▶ **Try it**
Print the listing below exactly, minus its pictures.

▶ **Data**
--- START ---
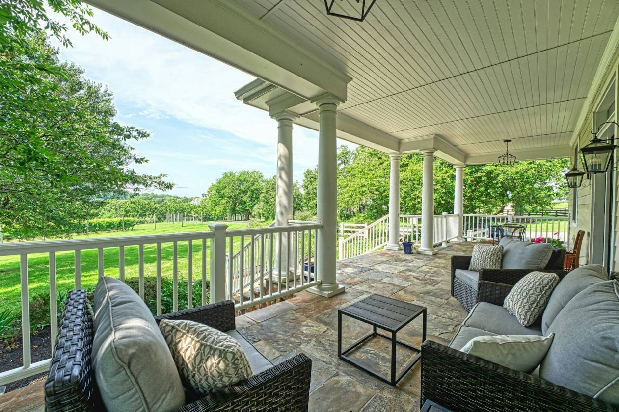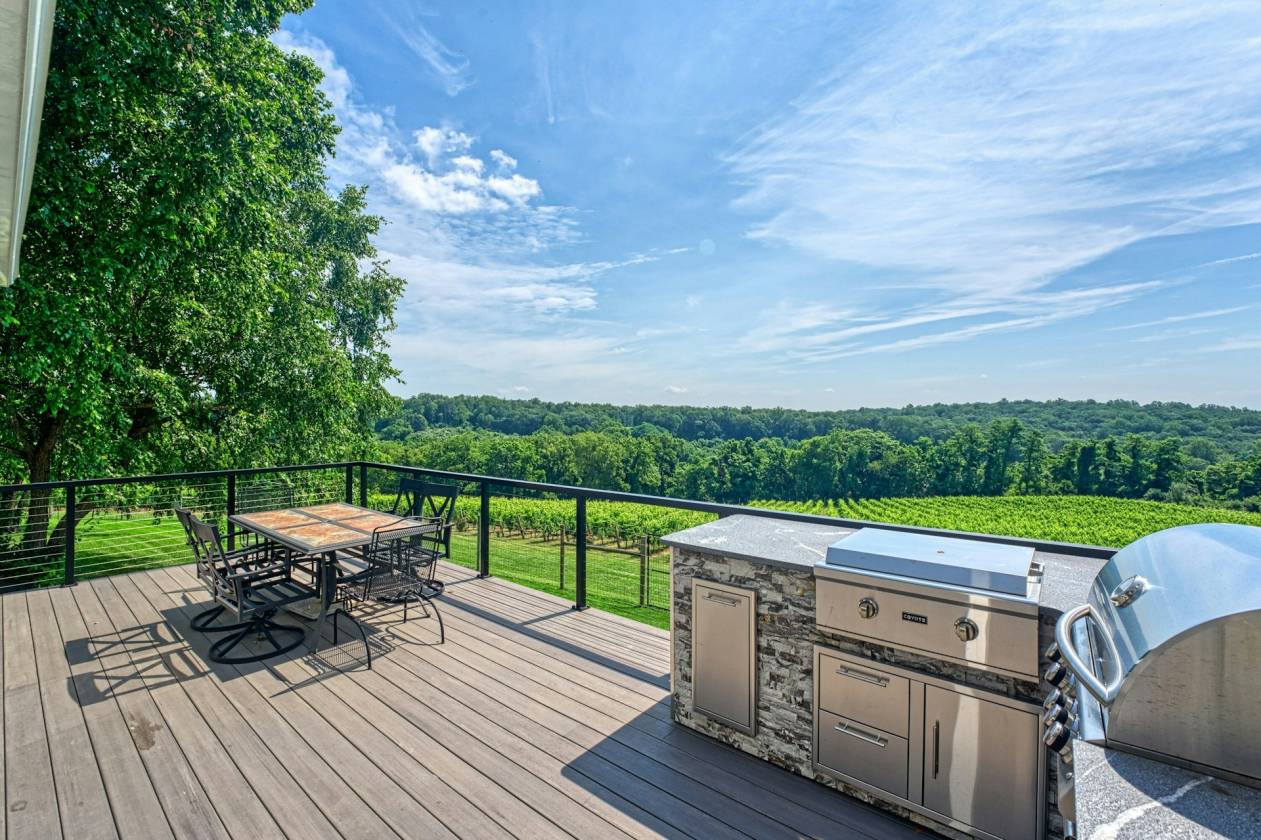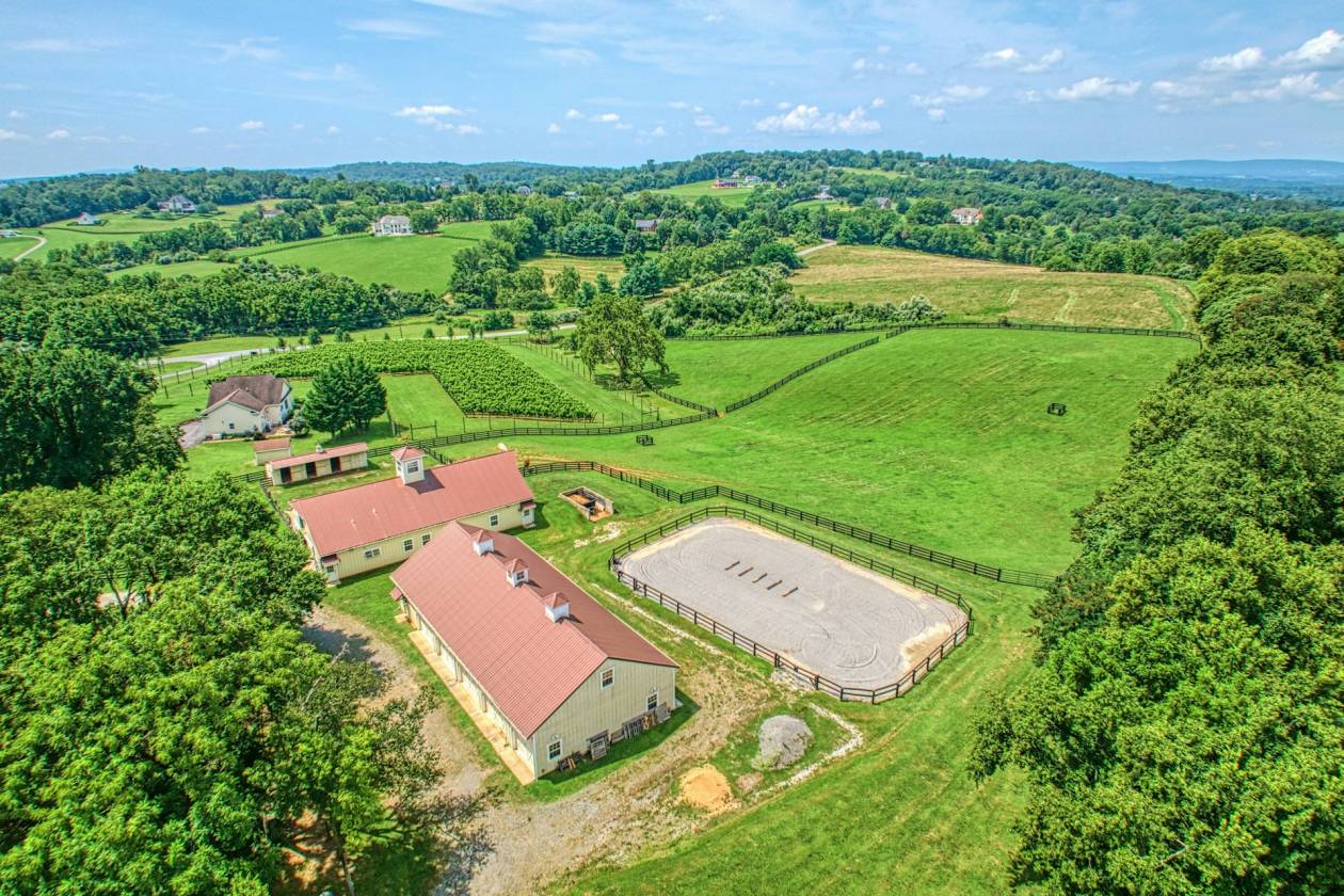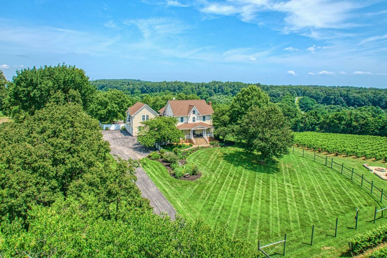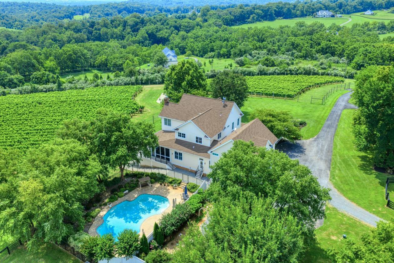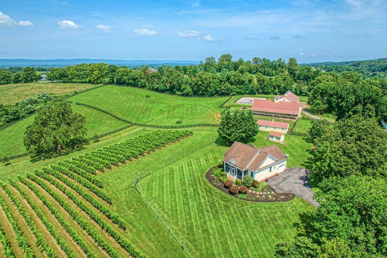 Twin Notch Farm is a premier equestrian and wine country estate offering an extraordinary lifestyle on 21.69 scenic acres in the heart of Loudoun County. This luxurious property combines refined country living with award-winning vineyard production and upscale amenities for both relaxation and recreation. At the heart of the estate lies the Twin Notch Vineyard, home to nearly 12,000 hand-planted vines producing Merlot, Cabernet Franc, Petit Verdot, Petit Manseng, and Sauvignon Blanc. As the exclusive grower for Walsh Family Wine, the vineyard yields over 1,300 cases annually—including the acclaimed 2020 Twin Notch Red, which earned a Gold Medal at the 2023 Loudoun County Wine Awards. The custom-built main residence is thoughtfully designed for modern living and entertaining. Highlights include a newly updated kitchen, a main-level bedroom and bath ideal for multigenerational needs, and a beautifully finished bonus space over the garage complete with a fireplace and full bath—perfect for a private office or media room. Outdoor living is elevated with a resort-style pool and spa, a screened-in porch with a stone fireplace, and a fully outfitted outdoor kitchen—all designed to capture the stunning vineyard and mountain views. Additional features include a charming one-bedroom, one-bath guest house with den and a one-car garage, currently operating as a successful VBRO Rental, offering both versatility and income potential. Equestrian amenities abound with a six stall center aisle barn, two large turn-outs, 60' x 100' ring and a five-bay machine shed with workshop, ideal for, hobby farming, or equipment storage. Whether you’re looking to operate a boutique vineyard, enjoy a private retreat, or entertain in grand style, Twin Notch Farm offers a rare opportunity to embrace the very best of Virginia’s luxury wine and equestrian lifestyle.
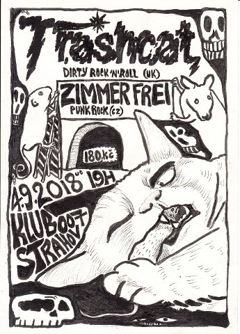 Darragh, dříve bubeník nekompromisních anglických punkerů The Restarts, se po sedmi letech vrací na strahovskou Sedmičku se svou dirty rock and rollovou bestií Trashcat. Geniální věci bývají jednoduché a Trashcat svou genialitu našli v kombinaci kick ass rockových riffů s melodickým punkem a syrovým rock´n´rollem. Má to švih, má to říz, má to punkovou drzost i pohodu bezstarostný jízdy. Refrény se vám za chvíli vpijí pod kůži a už se nepustí. Jako speciální host vystoupí stará známá (nejen) pražská galerka, přísnej speed punk rock, co vás rozmázne jako parní válec - Zimmer Frei!
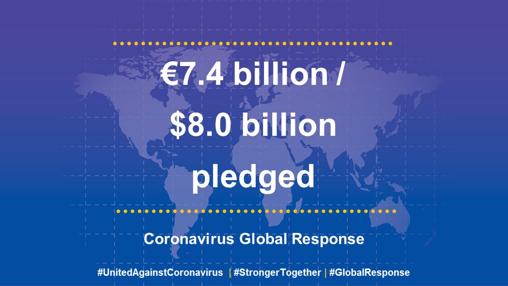 Ο κόσμος επέδειξε εξαιρετική ενότητα για το κοινό καλό. Η συνεισφορά της Ευρώπης ήταν πολύ σημαντική. Σήμερα συγκεντρώσαμε 7,4 δισ. ευρώ, ποσό που, χάρη στην ευνοϊκή για εμάς συναλλαγματική ισοτιμία, αντιστοιχεί σε πάνω από 8 δισ. δολάρια ΗΠΑ. Από αυτά τα 8 δισ. δολάρια, η «Ομάδα Ευρώπη» —δηλαδή η Ευρωπαϊκή Ένωση και τα κράτη μέλη της— συνεισέφεραν πάνω από 4 δισ. ευρώ.
--- END ---
▶ **The answer**
 Twin Notch Farm is a premier equestrian and wine country estate offering an extraordinary lifestyle on 21.69 scenic acres in the heart of Loudoun County. This luxurious property combines refined country living with award-winning vineyard production and upscale amenities for both relaxation and recreation. At the heart of the estate lies the Twin Notch Vineyard, home to nearly 12,000 hand-planted vines producing Merlot, Cabernet Franc, Petit Verdot, Petit Manseng, and Sauvignon Blanc. As the exclusive grower for Walsh Family Wine, the vineyard yields over 1,300 cases annually—including the acclaimed 2020 Twin Notch Red, which earned a Gold Medal at the 2023 Loudoun County Wine Awards. The custom-built main residence is thoughtfully designed for modern living and entertaining. Highlights include a newly updated kitchen, a main-level bedroom and bath ideal for multigenerational needs, and a beautifully finished bonus space over the garage complete with a fireplace and full bath—perfect for a private office or media room. Outdoor living is elevated with a resort-style pool and spa, a screened-in porch with a stone fireplace, and a fully outfitted outdoor kitchen—all designed to capture the stunning vineyard and mountain views. Additional features include a charming one-bedroom, one-bath guest house with den and a one-car garage, currently operating as a successful VBRO Rental, offering both versatility and income potential. Equestrian amenities abound with a six stall center aisle barn, two large turn-outs, 60' x 100' ring and a five-bay machine shed with workshop, ideal for, hobby farming, or equipment storage. Whether you’re looking to operate a boutique vineyard, enjoy a private retreat, or entertain in grand style, Twin Notch Farm offers a rare opportunity to embrace the very best of Virginia’s luxury wine and equestrian lifestyle.
 Darragh, dříve bubeník nekompromisních anglických punkerů The Restarts, se po sedmi letech vrací na strahovskou Sedmičku se svou dirty rock and rollovou bestií Trashcat. Geniální věci bývají jednoduché a Trashcat svou genialitu našli v kombinaci kick ass rockových riffů s melodickým punkem a syrovým rock´n´rollem. Má to švih, má to říz, má to punkovou drzost i pohodu bezstarostný jízdy. Refrény se vám za chvíli vpijí pod kůži a už se nepustí. Jako speciální host vystoupí stará známá (nejen) pražská galerka, přísnej speed punk rock, co vás rozmázne jako parní válec - Zimmer Frei!
 Ο κόσμος επέδειξε εξαιρετική ενότητα για το κοινό καλό. Η συνεισφορά της Ευρώπης ήταν πολύ σημαντική. Σήμερα συγκεντρώσαμε 7,4 δισ. ευρώ, ποσό που, χάρη στην ευνοϊκή για εμάς συναλλαγματική ισοτιμία, αντιστοιχεί σε πάνω από 8 δισ. δολάρια ΗΠΑ. Από αυτά τα 8 δισ. δολάρια, η «Ομάδα Ευρώπη» —δηλαδή η Ευρωπαϊκή Ένωση και τα κράτη μέλη της— συνεισέφεραν πάνω από 4 δισ. ευρώ.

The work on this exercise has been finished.